§ **Task prompt**:
Write out the full set of records exactly. Any pictures in them do not belong in the copy.

§ **Dataset records**:
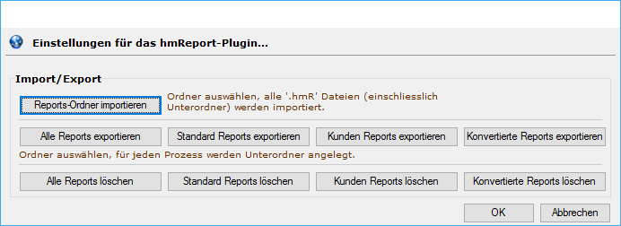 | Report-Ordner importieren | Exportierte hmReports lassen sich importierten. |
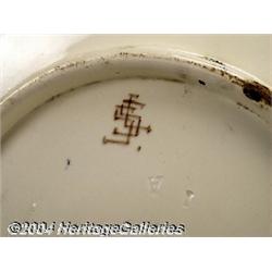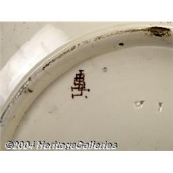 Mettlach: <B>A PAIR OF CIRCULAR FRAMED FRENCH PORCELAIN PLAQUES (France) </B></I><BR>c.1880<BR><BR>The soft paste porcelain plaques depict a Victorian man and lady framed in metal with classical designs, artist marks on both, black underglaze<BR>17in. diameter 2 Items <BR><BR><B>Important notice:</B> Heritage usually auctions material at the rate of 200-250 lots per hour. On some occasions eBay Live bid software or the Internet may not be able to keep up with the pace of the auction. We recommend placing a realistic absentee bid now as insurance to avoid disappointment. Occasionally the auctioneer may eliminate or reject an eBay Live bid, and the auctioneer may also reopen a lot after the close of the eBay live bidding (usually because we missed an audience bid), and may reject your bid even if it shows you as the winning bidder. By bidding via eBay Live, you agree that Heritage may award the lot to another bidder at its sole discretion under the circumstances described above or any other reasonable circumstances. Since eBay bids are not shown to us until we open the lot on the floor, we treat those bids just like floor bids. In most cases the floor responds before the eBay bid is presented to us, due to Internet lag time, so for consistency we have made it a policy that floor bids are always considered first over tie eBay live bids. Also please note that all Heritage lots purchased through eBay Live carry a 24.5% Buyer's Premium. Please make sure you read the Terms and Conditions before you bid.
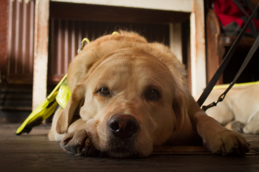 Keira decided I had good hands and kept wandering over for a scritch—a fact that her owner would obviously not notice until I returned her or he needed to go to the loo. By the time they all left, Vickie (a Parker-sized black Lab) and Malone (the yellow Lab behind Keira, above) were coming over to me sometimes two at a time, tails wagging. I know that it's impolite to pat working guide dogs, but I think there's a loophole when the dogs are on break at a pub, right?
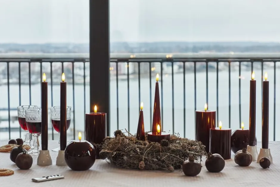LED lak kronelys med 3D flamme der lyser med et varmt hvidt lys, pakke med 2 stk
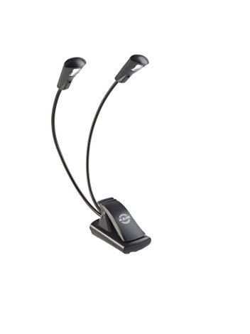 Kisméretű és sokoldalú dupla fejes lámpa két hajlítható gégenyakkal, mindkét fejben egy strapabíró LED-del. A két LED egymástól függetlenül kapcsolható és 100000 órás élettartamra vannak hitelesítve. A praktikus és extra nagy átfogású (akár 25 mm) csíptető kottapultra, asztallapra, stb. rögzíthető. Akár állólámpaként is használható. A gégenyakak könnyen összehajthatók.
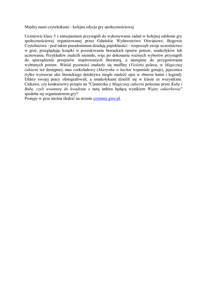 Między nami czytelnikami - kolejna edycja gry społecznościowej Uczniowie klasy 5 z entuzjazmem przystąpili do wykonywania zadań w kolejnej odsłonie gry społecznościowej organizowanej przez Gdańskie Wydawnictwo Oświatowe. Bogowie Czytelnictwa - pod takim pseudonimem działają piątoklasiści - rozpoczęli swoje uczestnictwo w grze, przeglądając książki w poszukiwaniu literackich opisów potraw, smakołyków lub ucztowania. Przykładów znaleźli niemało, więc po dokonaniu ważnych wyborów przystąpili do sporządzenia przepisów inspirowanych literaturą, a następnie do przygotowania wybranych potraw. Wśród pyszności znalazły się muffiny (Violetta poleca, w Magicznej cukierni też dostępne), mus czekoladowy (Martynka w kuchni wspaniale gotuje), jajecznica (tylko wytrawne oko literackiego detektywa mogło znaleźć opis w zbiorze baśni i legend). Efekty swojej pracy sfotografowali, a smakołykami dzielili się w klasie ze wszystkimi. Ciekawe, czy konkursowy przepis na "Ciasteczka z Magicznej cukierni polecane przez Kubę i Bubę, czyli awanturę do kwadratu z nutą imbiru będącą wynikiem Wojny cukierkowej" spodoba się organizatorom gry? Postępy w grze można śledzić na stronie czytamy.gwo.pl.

§ **Result of the task**:
 | Report-Ordner importieren | Exportierte hmReports lassen sich importierten. |
 Mettlach: <B>A PAIR OF CIRCULAR FRAMED FRENCH PORCELAIN PLAQUES (France) </B></I><BR>c.1880<BR><BR>The soft paste porcelain plaques depict a Victorian man and lady framed in metal with classical designs, artist marks on both, black underglaze<BR>17in. diameter 2 Items <BR><BR><B>Important notice:</B> Heritage usually auctions material at the rate of 200-250 lots per hour. On some occasions eBay Live bid software or the Internet may not be able to keep up with the pace of the auction. We recommend placing a realistic absentee bid now as insurance to avoid disappointment. Occasionally the auctioneer may eliminate or reject an eBay Live bid, and the auctioneer may also reopen a lot after the close of the eBay live bidding (usually because we missed an audience bid), and may reject your bid even if it shows you as the winning bidder. By bidding via eBay Live, you agree that Heritage may award the lot to another bidder at its sole discretion under the circumstances described above or any other reasonable circumstances. Since eBay bids are not shown to us until we open the lot on the floor, we treat those bids just like floor bids. In most cases the floor responds before the eBay bid is presented to us, due to Internet lag time, so for consistency we have made it a policy that floor bids are always considered first over tie eBay live bids. Also please note that all Heritage lots purchased through eBay Live carry a 24.5% Buyer's Premium. Please make sure you read the Terms and Conditions before you bid.
 Keira decided I had good hands and kept wandering over for a scritch—a fact that her owner would obviously not notice until I returned her or he needed to go to the loo. By the time they all left, Vickie (a Parker-sized black Lab) and Malone (the yellow Lab behind Keira, above) were coming over to me sometimes two at a time, tails wagging. I know that it's impolite to pat working guide dogs, but I think there's a loophole when the dogs are on break at a pub, right?
LED lak kronelys med 3D flamme der lyser med et varmt hvidt lys, pakke med 2 stk
 Kisméretű és sokoldalú dupla fejes lámpa két hajlítható gégenyakkal, mindkét fejben egy strapabíró LED-del. A két LED egymástól függetlenül kapcsolható és 100000 órás élettartamra vannak hitelesítve. A praktikus és extra nagy átfogású (akár 25 mm) csíptető kottapultra, asztallapra, stb. rögzíthető. Akár állólámpaként is használható. A gégenyakak könnyen összehajthatók.
 Między nami czytelnikami - kolejna edycja gry społecznościowej Uczniowie klasy 5 z entuzjazmem przystąpili do wykonywania zadań w kolejnej odsłonie gry społecznościowej organizowanej przez Gdańskie Wydawnictwo Oświatowe. Bogowie Czytelnictwa - pod takim pseudonimem działają piątoklasiści - rozpoczęli swoje uczestnictwo w grze, przeglądając książki w poszukiwaniu literackich opisów potraw, smakołyków lub ucztowania. Przykładów znaleźli niemało, więc po dokonaniu ważnych wyborów przystąpili do sporządzenia przepisów inspirowanych literaturą, a następnie do przygotowania wybranych potraw. Wśród pyszności znalazły się muffiny (Violetta poleca, w Magicznej cukierni też dostępne), mus czekoladowy (Martynka w kuchni wspaniale gotuje), jajecznica (tylko wytrawne oko literackiego detektywa mogło znaleźć opis w zbiorze baśni i legend). Efekty swojej pracy sfotografowali, a smakołykami dzielili się w klasie ze wszystkimi. Ciekawe, czy konkursowy przepis na "Ciasteczka z Magicznej cukierni polecane przez Kubę i Bubę, czyli awanturę do kwadratu z nutą imbiru będącą wynikiem Wojny cukierkowej" spodoba się organizatorom gry? Postępy w grze można śledzić na stronie czytamy.gwo.pl.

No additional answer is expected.